DESCRIPTION OF THE TASK
Copy, word for word, the lines below from the one containing "16 березня 2023" up to and including the one containing "為了更好的說(shuō)明視", with pictures left out.

MATERIAL FOR THE TASK
# # #

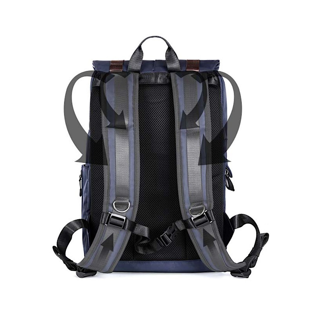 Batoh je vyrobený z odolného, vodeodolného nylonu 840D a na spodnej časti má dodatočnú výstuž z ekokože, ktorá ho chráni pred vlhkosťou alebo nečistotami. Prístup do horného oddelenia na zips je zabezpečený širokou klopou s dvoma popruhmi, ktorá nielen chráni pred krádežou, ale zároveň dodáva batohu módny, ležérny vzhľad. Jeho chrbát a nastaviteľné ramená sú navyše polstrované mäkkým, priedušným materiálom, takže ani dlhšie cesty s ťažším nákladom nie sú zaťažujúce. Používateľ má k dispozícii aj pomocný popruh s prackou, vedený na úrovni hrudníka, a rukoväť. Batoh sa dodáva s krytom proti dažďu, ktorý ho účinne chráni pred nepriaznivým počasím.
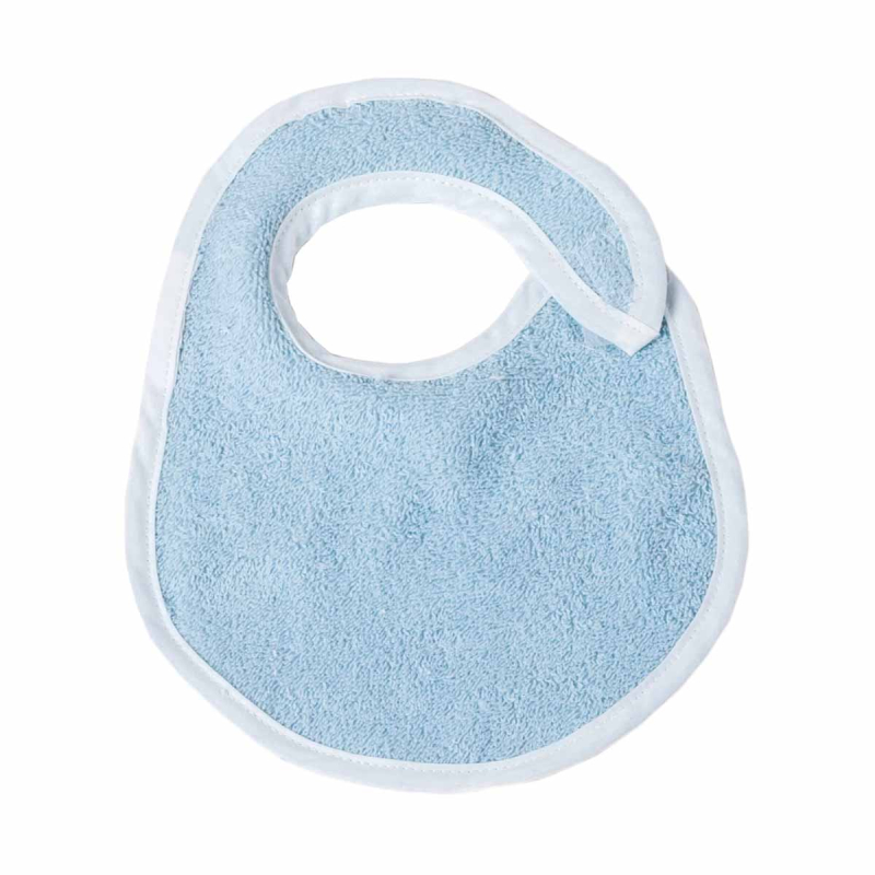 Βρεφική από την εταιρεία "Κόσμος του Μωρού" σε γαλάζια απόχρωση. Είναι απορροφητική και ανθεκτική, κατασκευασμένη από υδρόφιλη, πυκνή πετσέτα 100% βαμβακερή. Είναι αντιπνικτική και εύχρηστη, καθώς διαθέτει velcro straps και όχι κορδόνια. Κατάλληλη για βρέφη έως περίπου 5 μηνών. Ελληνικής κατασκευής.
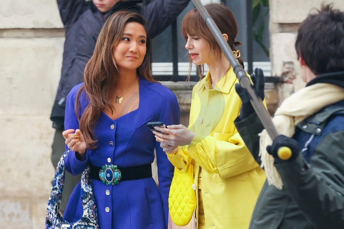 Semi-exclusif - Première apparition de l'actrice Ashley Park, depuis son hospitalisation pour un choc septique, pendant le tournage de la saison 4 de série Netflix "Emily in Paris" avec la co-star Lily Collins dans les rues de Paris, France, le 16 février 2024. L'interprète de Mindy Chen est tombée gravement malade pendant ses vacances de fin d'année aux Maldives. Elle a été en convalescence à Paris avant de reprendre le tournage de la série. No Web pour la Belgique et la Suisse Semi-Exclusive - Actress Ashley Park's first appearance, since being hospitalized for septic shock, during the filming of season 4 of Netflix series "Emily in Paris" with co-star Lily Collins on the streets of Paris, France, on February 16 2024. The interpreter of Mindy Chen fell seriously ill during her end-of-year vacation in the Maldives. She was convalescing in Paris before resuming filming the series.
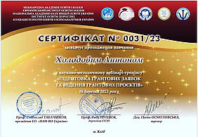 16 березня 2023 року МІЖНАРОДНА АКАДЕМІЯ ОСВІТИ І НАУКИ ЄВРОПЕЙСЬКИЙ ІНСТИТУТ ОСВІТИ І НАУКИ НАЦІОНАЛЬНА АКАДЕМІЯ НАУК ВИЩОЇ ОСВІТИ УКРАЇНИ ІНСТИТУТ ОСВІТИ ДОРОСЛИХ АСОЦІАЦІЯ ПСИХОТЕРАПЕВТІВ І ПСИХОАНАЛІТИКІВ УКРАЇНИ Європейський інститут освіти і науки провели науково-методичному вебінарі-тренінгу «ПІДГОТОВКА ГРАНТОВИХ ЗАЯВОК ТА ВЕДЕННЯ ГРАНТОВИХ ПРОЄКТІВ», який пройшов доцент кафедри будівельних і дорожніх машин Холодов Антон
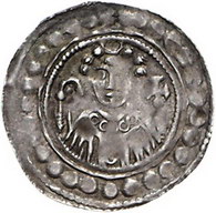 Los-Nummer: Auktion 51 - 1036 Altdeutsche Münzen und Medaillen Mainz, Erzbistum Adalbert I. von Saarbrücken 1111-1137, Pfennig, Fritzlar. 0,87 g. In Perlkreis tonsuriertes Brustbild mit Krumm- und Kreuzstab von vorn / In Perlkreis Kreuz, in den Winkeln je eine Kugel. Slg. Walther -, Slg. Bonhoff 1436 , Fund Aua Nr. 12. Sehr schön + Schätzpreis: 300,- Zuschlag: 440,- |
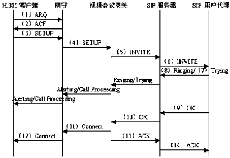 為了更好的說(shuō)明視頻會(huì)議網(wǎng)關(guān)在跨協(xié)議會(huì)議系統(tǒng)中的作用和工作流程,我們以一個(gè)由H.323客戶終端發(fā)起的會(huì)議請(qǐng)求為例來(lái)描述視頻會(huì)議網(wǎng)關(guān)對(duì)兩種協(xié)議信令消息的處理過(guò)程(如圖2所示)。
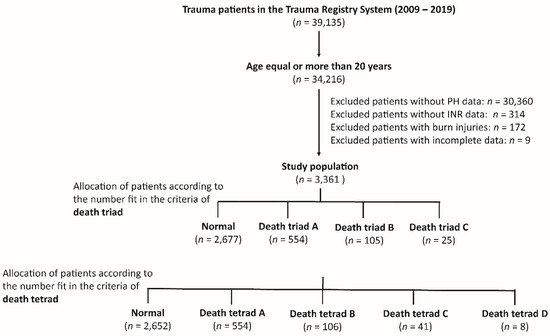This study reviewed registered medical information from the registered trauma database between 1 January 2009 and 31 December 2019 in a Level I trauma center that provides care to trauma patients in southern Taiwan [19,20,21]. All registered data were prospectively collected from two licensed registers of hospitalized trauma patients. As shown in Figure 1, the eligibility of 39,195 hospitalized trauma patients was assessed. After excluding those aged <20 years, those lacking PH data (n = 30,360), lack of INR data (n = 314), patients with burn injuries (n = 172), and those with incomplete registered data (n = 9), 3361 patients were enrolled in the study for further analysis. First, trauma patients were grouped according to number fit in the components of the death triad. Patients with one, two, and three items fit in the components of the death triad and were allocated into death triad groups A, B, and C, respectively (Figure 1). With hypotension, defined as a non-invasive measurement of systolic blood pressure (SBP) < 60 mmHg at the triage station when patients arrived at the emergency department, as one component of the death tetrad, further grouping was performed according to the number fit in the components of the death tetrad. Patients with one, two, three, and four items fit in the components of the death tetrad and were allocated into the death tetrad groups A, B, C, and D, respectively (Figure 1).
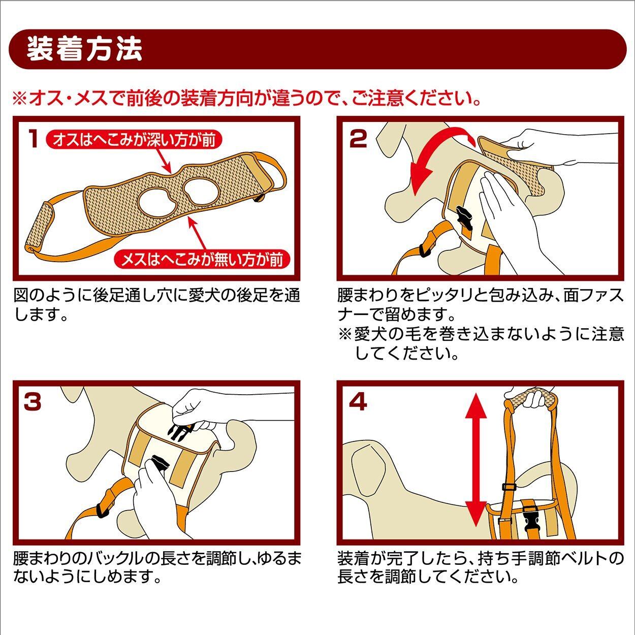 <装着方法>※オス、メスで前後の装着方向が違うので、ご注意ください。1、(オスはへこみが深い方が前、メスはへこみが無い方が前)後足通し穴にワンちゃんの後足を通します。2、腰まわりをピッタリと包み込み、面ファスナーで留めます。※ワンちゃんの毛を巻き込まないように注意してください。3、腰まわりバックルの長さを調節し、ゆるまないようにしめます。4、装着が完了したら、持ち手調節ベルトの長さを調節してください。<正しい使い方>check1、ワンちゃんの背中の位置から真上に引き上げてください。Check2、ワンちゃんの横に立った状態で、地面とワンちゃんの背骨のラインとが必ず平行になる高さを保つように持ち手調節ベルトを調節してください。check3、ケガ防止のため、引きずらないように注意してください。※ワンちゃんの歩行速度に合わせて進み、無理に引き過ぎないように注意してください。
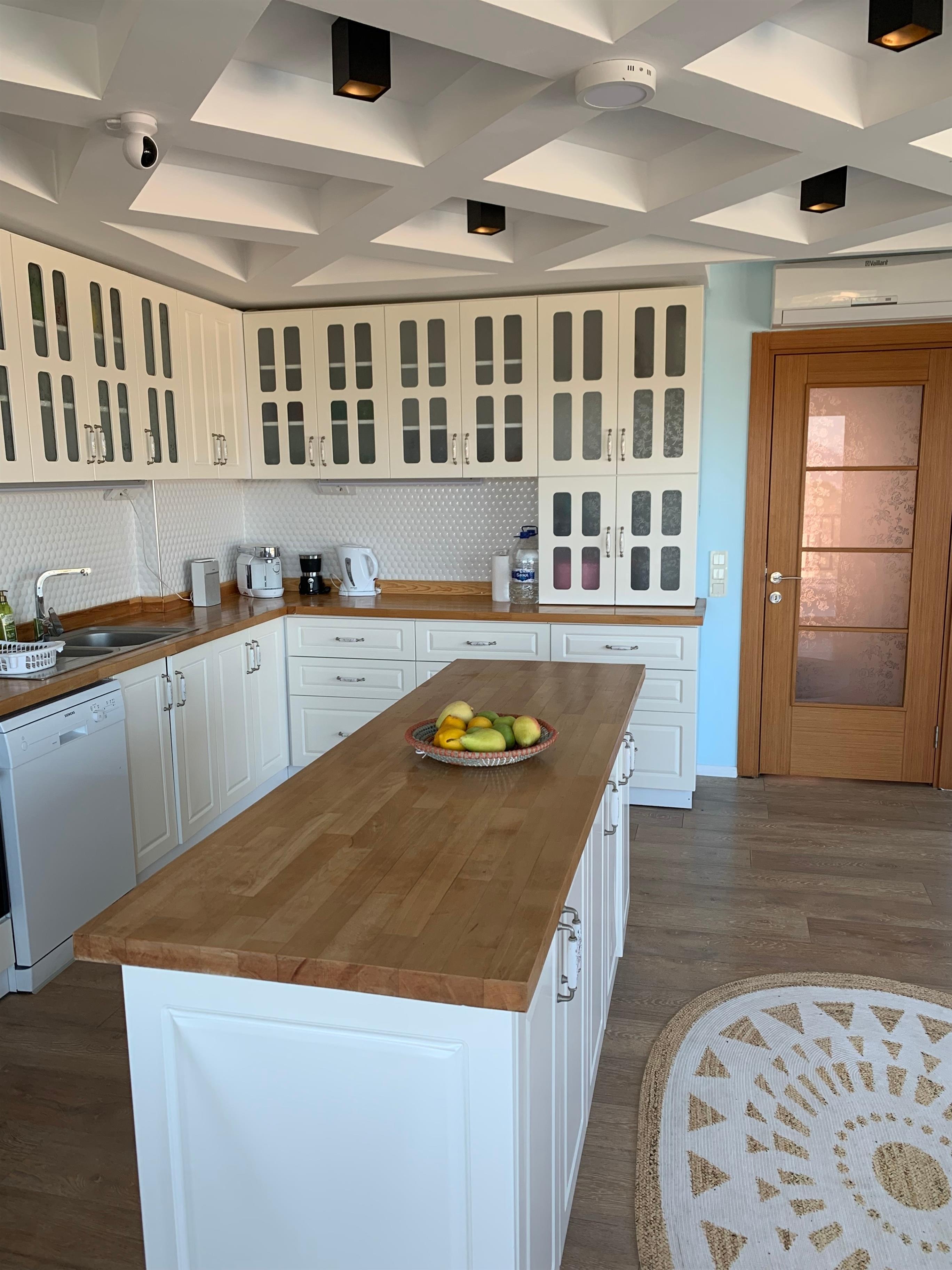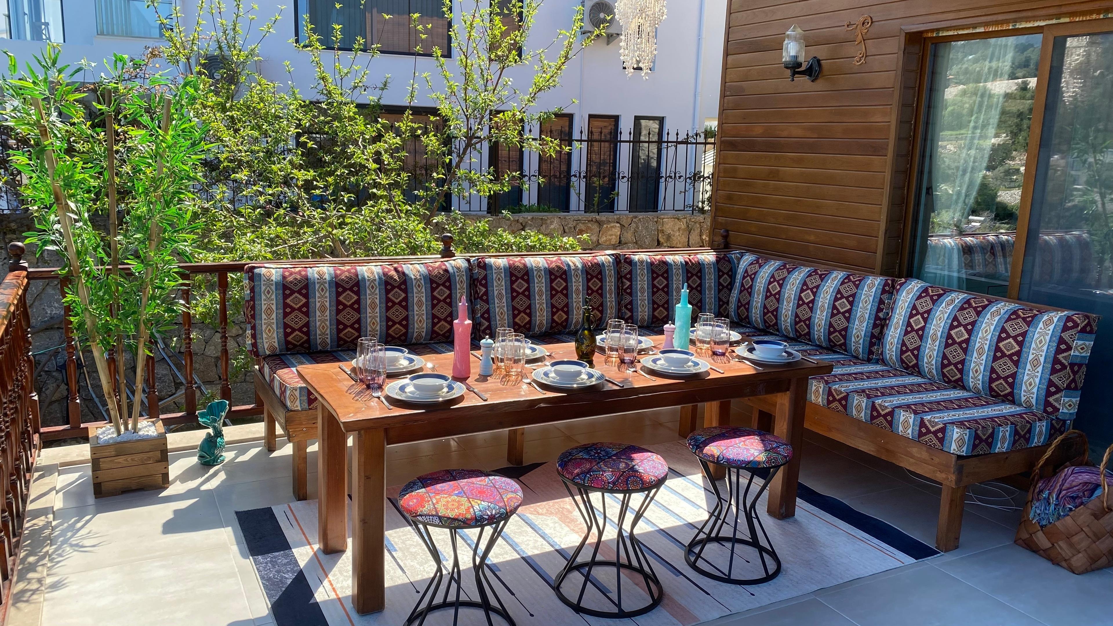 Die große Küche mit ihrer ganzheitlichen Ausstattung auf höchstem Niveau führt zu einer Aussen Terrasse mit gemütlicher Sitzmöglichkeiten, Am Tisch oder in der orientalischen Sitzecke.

# # #

THE ANSWER
 16 березня 2023 року МІЖНАРОДНА АКАДЕМІЯ ОСВІТИ І НАУКИ ЄВРОПЕЙСЬКИЙ ІНСТИТУТ ОСВІТИ І НАУКИ НАЦІОНАЛЬНА АКАДЕМІЯ НАУК ВИЩОЇ ОСВІТИ УКРАЇНИ ІНСТИТУТ ОСВІТИ ДОРОСЛИХ АСОЦІАЦІЯ ПСИХОТЕРАПЕВТІВ І ПСИХОАНАЛІТИКІВ УКРАЇНИ Європейський інститут освіти і науки провели науково-методичному вебінарі-тренінгу «ПІДГОТОВКА ГРАНТОВИХ ЗАЯВОК ТА ВЕДЕННЯ ГРАНТОВИХ ПРОЄКТІВ», який пройшов доцент кафедри будівельних і дорожніх машин Холодов Антон
 Los-Nummer: Auktion 51 - 1036 Altdeutsche Münzen und Medaillen Mainz, Erzbistum Adalbert I. von Saarbrücken 1111-1137, Pfennig, Fritzlar. 0,87 g. In Perlkreis tonsuriertes Brustbild mit Krumm- und Kreuzstab von vorn / In Perlkreis Kreuz, in den Winkeln je eine Kugel. Slg. Walther -, Slg. Bonhoff 1436 , Fund Aua Nr. 12. Sehr schön + Schätzpreis: 300,- Zuschlag: 440,- |
 為了更好的說(shuō)明視頻會(huì)議網(wǎng)關(guān)在跨協(xié)議會(huì)議系統(tǒng)中的作用和工作流程,我們以一個(gè)由H.323客戶終端發(fā)起的會(huì)議請(qǐng)求為例來(lái)描述視頻會(huì)議網(wǎng)關(guān)對(duì)兩種協(xié)議信令消息的處理過(guò)程(如圖2所示)。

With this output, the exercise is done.